It did not allocate and used SRAM:

cat /sys/kernel/debug/rknpu/mm
    SRAM bitmap: "*" - used, "." - free (1bit = 4KB)
    [000] [................................]
    [001] [................................]
    [002] [................................]
    [003] [................................]
    [004] [................................]
    [005] [................................]
    [006] [................................]
    [007] [...............]
    SRAM total size: 978944, used: 0, free: 978944

[ 868.106264] RKNPU: allocate iova start: 0x00000000fe740000, size: 12091392
[ 868.118667] RKNPU: allocate size: 11960320 with sram size: 131072
[ 868.132467] RKNPU: allocate iova start: 0x00000000fe5a0000, size: 1417216
[ 868.133622] RKNPU: allocate size: 1155072 with sram size: 262144
[ 989.802333] RKNPU: allocate iova start: 0x00000000fd970000, size: 12939264
[ 989.815149] RKNPU: allocate size: 11960320 with sram size: 978944

@stuartiannaylor
The real-time detection is not possible to run due to Radxa librknnrt version: 1.2.0 (1867aec5b@2022-01-14T15:16:40) being older than 1.3.

Is the results what you expected?
Do you see the use of SRAM in your experiments?

No haven’t made the DTS mods guess I should thought it may make more sense to you.
I will give it a go tomoz maybe and get back to you.
But from the run info

I RKNN: [18:58:24.035] RKNN Runtime Information: librknnrt version: 1.4.0 (a10f100eb@2022-09-09T09:07:14)
I RKNN: [18:58:24.035] RKNN Driver Information: version: 0.8.2
I RKNN: [18:58:24.035] RKNN Model Information: version: 1, toolkit version: 1.4.0-c15f5e0b(compiler version: 1.4.0 (c73777b51@2022-09-05T12:06:01)), target: RKNPU v2, target platform: rk3588, framework name: PyTorch, framework layout: NCHW

We are running 1.4.0 ?

yes. I RKNN: [19:43:06.149] RKNN Runtime Information: librknnrt version: 1.4.0 (a10f100eb@2022-09-09T09:07:14)

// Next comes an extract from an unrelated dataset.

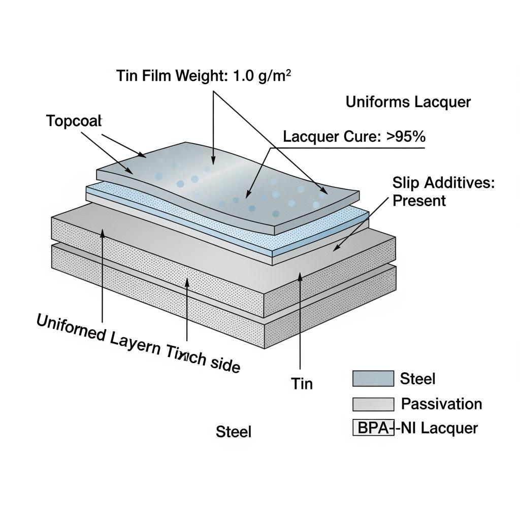 Electrolytic tinplate provides the metallurgical backbone: a low‑carbon steel core plated with tin and passivation layers that resist underfilm corrosion. With BPA‑NI lacquers, corrosion control hinges on lacquer integrity, coverage at seams and cut edges, and compatibility with your product chemistry. Acidic vegetables and tomato‑based products are typically straightforward; higher‑sulfur recipes demand specialized internal coats and careful seam compound choice to avoid black sulfur staining.
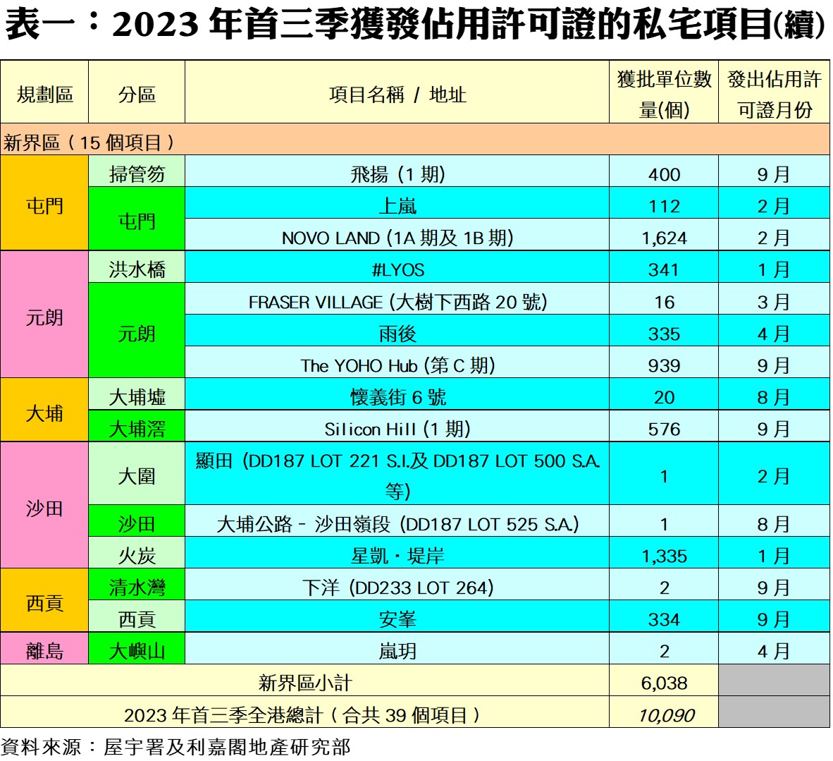 按地區劃分,今年首三季新界區共有15個項目、合共6,038個單位落成,佔整體比例約59.8%;九龍區共有14個項目落成,涉及單位總數3,228伙,佔同期整體私宅落成量約32.0%;港島區則有10個項目落成,涉及單位總數824伙,佔整體私宅落成量約8.2%。

I copied the yolov5s-640-640.rknn from /home/rock/rockchip/npu/rknpu2/examples/rknn_yolov5_demo/model/RK3588/yolov5s-640-640.rknn’ should work but i get error:

E RKNN: [19:51:38.540] rknn_query, info_len(372) < sizeof(rknn_tensor_attr)(376)!
rknn_init error ret=-5

The rknpu2 demo works as expected:

./rknn_yolov5_demo ./model/RK3588/yolov5s-640-640.rknn bus.jpg
post process config: box_conf_threshold = 0.25, nms_threshold = 0.45
Read bus.jpg …
img width = 640, img height = 640
Loading mode…
sdk version: 1.4.0 (a10f100eb@2022-09-09T09:07:14) driver version: 0.8.2
model input num: 1, output num: 3
index=0, name=images, n_dims=4, dims=[1, 640, 640, 3], n_elems=1228800, size=1228800, fmt=NHWC, type=INT8, qnt_type=AFFINE, zp=-128, scale=0.003922
index=0, name=output, n_dims=5, dims=[1, 3, 85, 80], n_elems=1632000, size=1632000, fmt=UNDEFINED, type=INT8, qnt_type=AFFINE, zp=77, scale=0.080445
index=1, name=371, n_dims=5, dims=[1, 3, 85, 40], n_elems=408000, size=408000, fmt=UNDEFINED, type=INT8, qnt_type=AFFINE, zp=56, scale=0.080794
index=2, name=390, n_dims=5, dims=[1, 3, 85, 20], n_elems=102000, size=102000, fmt=UNDEFINED, type=INT8, qnt_type=AFFINE, zp=69, scale=0.081305
model is NHWC input fmt
model input height=640, width=640, channel=3
once run use 35.951000 ms

I am not sure about the other examples as its a weird layout. The root is a x86 Ubuntu install of the toolkit to convert models.
The rknn_toolkit_lite2 subfolder is the runtime to run on debian and only has the one example.
I am not sure about the root examples.

I have just been playing with https://github.com/usefulsensors/openai-whisper which is OpenAi’s whisper running on tensorflow but don’t know if they will quant to int 8 or rknn-toolkit2 will create runable models.
The cpu can prob run fp16 or fp32 and another ML framework to get my head round but find conversion can be a dark art sometimes and need to some reading and experiments.

Looks like the above is doing some same as it makes psuedo fp out of integers zp=zero point then it scales with scale but prob where it says fmt=UNDEFINED maybe it was unable to handle them?
Dunno as a complete noob currently with https://github.com/rockchip-linux/rknn-toolkit2

The big if is will the whisper models fully quant and also end up undefined as could be such a good fit running the partitioned models on the x3 cores of the NPU and the left overs maybe gpu/cpu.
It is a really good SOTA ASR and running on a low wattage rk3588 as you can run all on CPU but that creates load whilst there is a more powerful maybe x3 NPU avail if it will quant to int8.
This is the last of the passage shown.